Hurricane Gonzalo threatens Bermuda

Tropical Storm Gonzalo has achieved hurricane-speed winds more quickly than forecast as it sets course for Bermuda.

According to catastrophe modelling firm AIR Worldwide, the storm passed through the eastern Caribbean on a northwest course, further east than initially forecast, delivering heavy wind and rain to Antigua and other close-by islands.

Near St. Martin, Gonzalo achieved hurricane-speed winds and continued to strengthen—more quickly than forecast. It is now a Category 2 storm with 110 mph maximum sustained winds and a minimum pressure of 973 mb.

AIR expects Gonzalo to take a turn to the northeast by early Thursday and set a course for Bermuda. It added that the hurricane is not expected to reach the US mainland.

"Direct damage from wind thus far has been isolated to roofing, with reports of some structures having complete damage to the roof,” said Scott Stransky, manager and principal scientist at AIR Worldwide. “Additionally, there have been reports of felled trees and power outages, primarily on Antigua. Aside from wind, the storm is expected to produce up to a foot of rainfall in some areas.”

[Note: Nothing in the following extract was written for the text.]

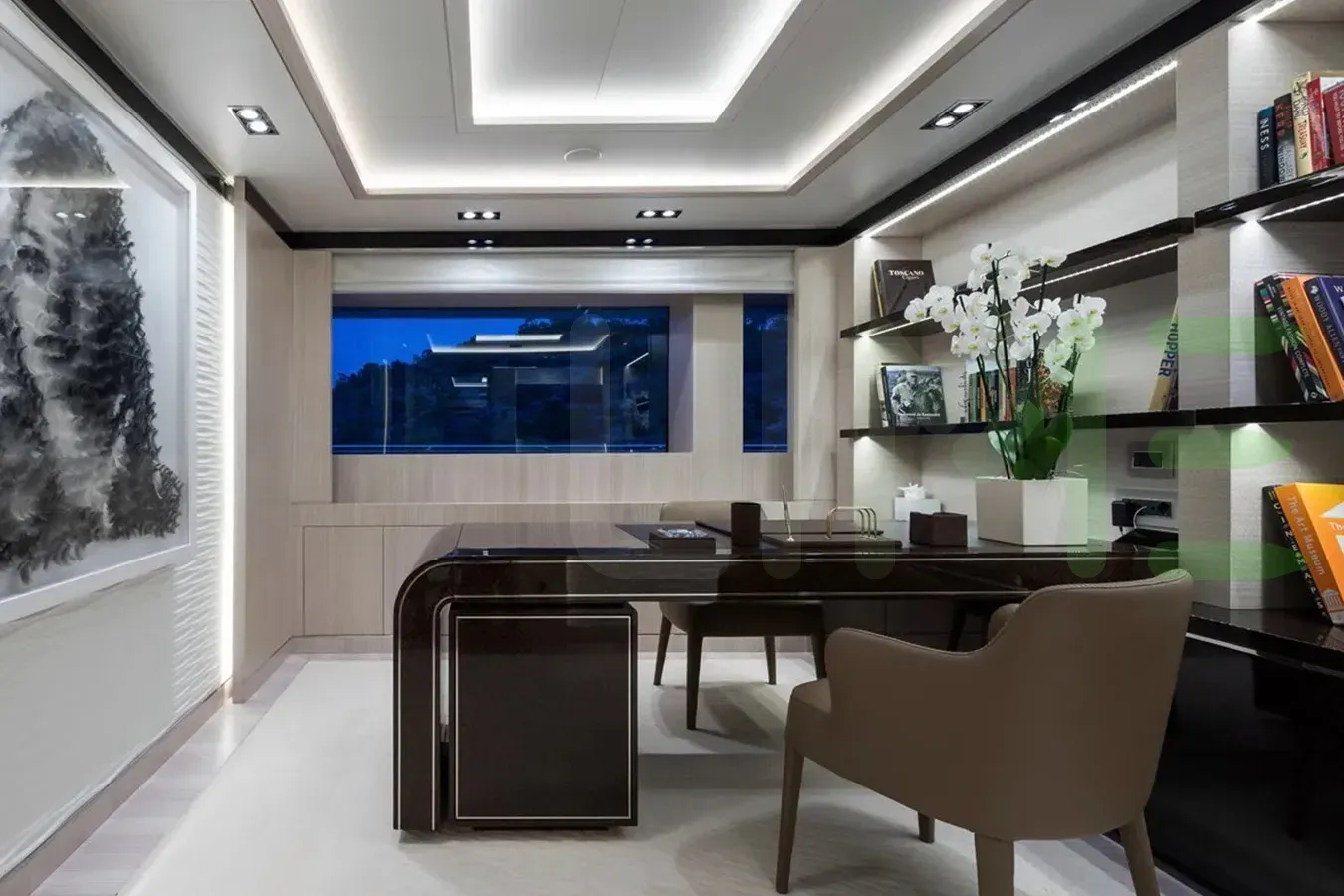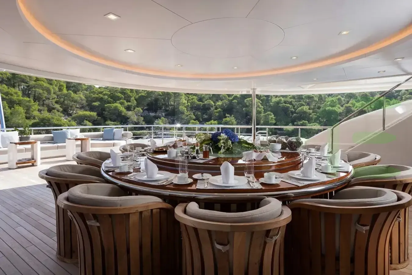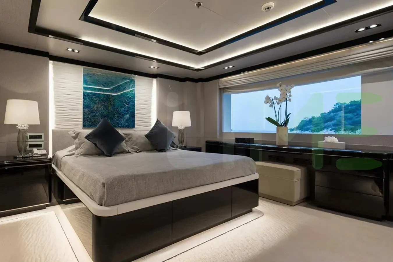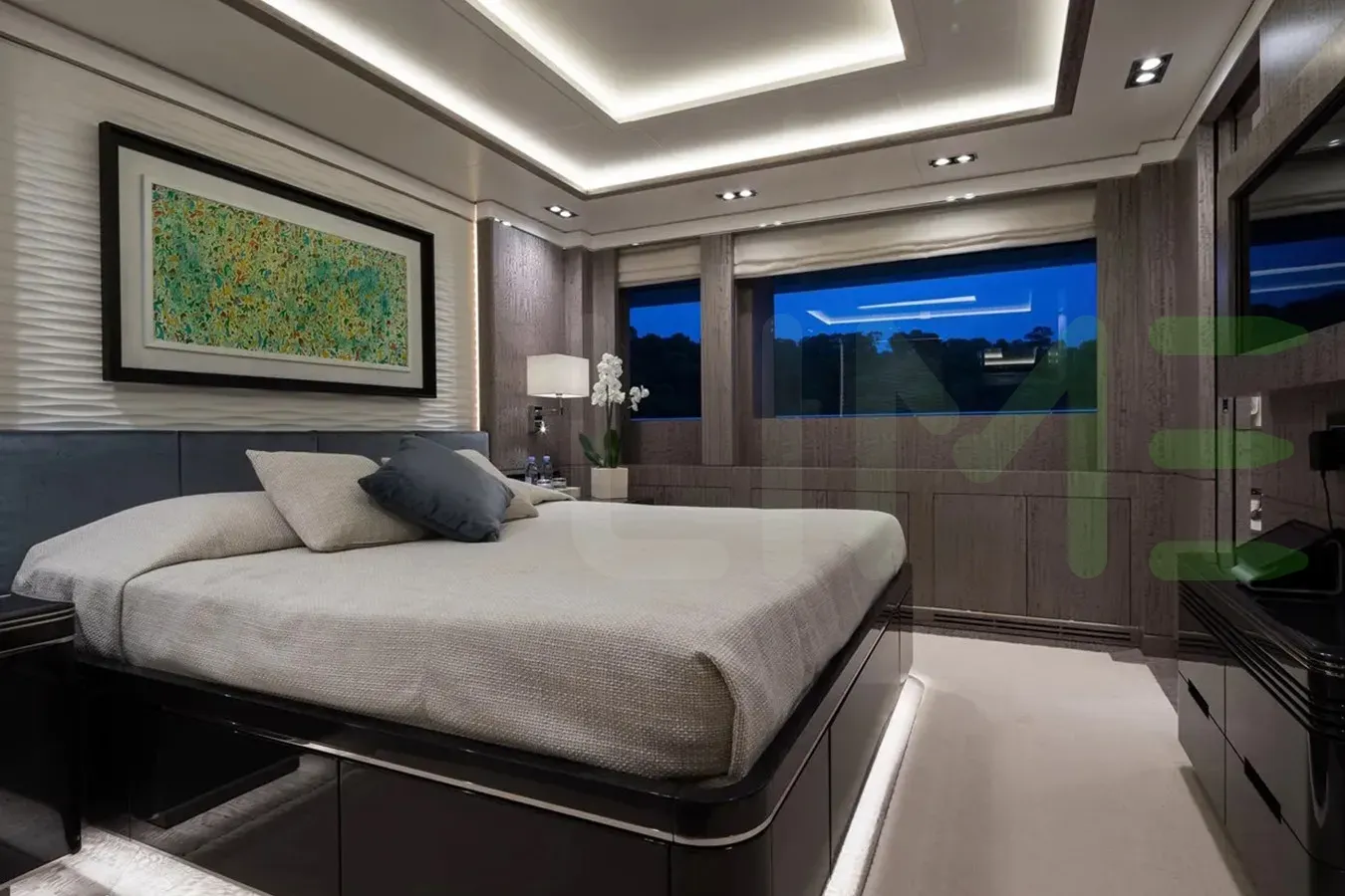 - Vast Owner’s stateroom with 180° panoramic views

“Tropical Storm Gonzalo formed over the weekend, just east of the Antilles. As a tropical storm, Gonzalo passed through the northern Antilles. As it moved northwest on Monday, roughly between Antigua and St. Thomas, Gonzalo reached hurricane status. Hurricane Gonzalo has continued to strengthen to a Category 2 storm on the Saffir-Simpson scale, with maximum sustained wind of 110 mph and a minimum pressure of 973 mb. The storm should experience lower wind shear and warm water on its projected track, contributing to its strength and potential for damage should it impact Bermuda.”